Following command can be used to read raw hardware performance counter registers for an application.
perf stat -e r01A2,r08A2 <Application>
event code A2 with event mask 0x01 records resource related stall cycles
whereas with event mask 0x08 records cycles stalled due to no store buffer available.
My question is while earlier intel processors, broadwell family, supported event mask 0x02, 0x04 and 0x10 to measure few more kind of stalls, they are not shown to be supported by skylake family of processor. Still measuring on skylake family processor using command
perf stat -e r04A2,r02A2,r10A2 <Application> throws some number.

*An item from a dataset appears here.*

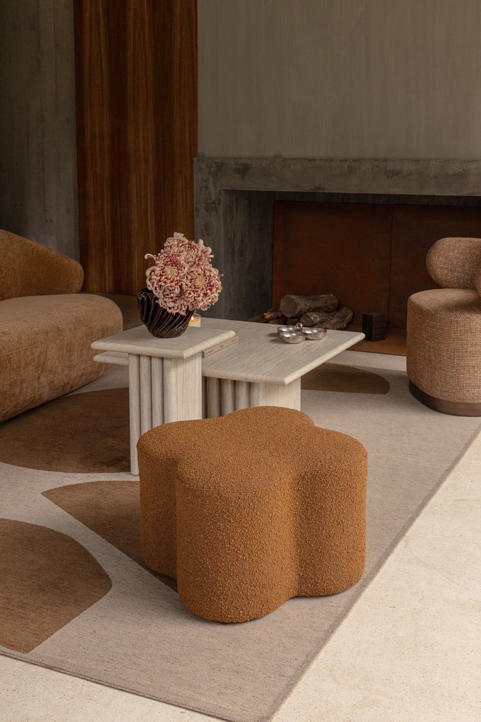 Pouf, Bouclette marron, H40

I would like to know whether those numbers correspond to earlier supported kind of stalls.
Unfortunately, there are a lot of possibilities here....
- The other Umasks may have the same meaning, but
- they are untested (or not comprehensively tested) on the new system, or
- they are inaccurate (maybe a little, maybe a lot, maybe in some special cases, maybe most of the time) in the new system, or
- it was realized that they were inaccurate in the previous system (and only the documentation for the new system was changed), or
- because of microarchitecture/implementation changes, counting the same event may imply something different (and potentially not useful or easily describable) in the new system, or
- because of planned future microarchitecture/implementation changes, the condition that the other Umasks measured has been moved to a different event, or
- other cases that I can't think of right now...
- The other Umasks may have different meanings, but
- the implementation of the new meaning is not intended for the public -- at least in this generation, or
- the implementation of the new meaning is untested (or incompletely tested), or
- the implementation of the new meaning is broken, or
- other cases that I can't think of right now....
I could probably come up with specific examples of each of these cases from either my analysis of Intel processors or my prior experience in the design teams at SGI, IBM, and AMD, but then I would have to spend too much time thinking about confidentiality issues....
When I see cases like these, I try to develop directed tests that generate a known (or otherwise measurable) amount of activity in the event, and test related events to see if counts with the various Umasks add up to all counts for this event or all counts for this activity measured by a different event.
Sometimes interpretation of the Umasks can be done quickly and unambiguously
- Umasks for different classes of AVX instructions on Haswell, reported at https://github.com/RRZE-HPC/likwid/wiki/FlopsHaswell, or
- Umasks for RS_FULL_STALL on KNL, reported at http://sites.utexas.edu/jdm4372/2018/01/22/a-peculiar-throughput-limitation-on-intels-xeon-phi-x200-knights-landing/). ;
Sometimes it can be quickly proven that the undocumented Umasks are broken (at least with respect to the activity for which the Umask used to be associated).
Sometimes the results don't make any sense, and you have to decide whether to keep on looking for a plausible & provable interpretation, or whether you need to move on to more productive work. I often choose poorly in these cases.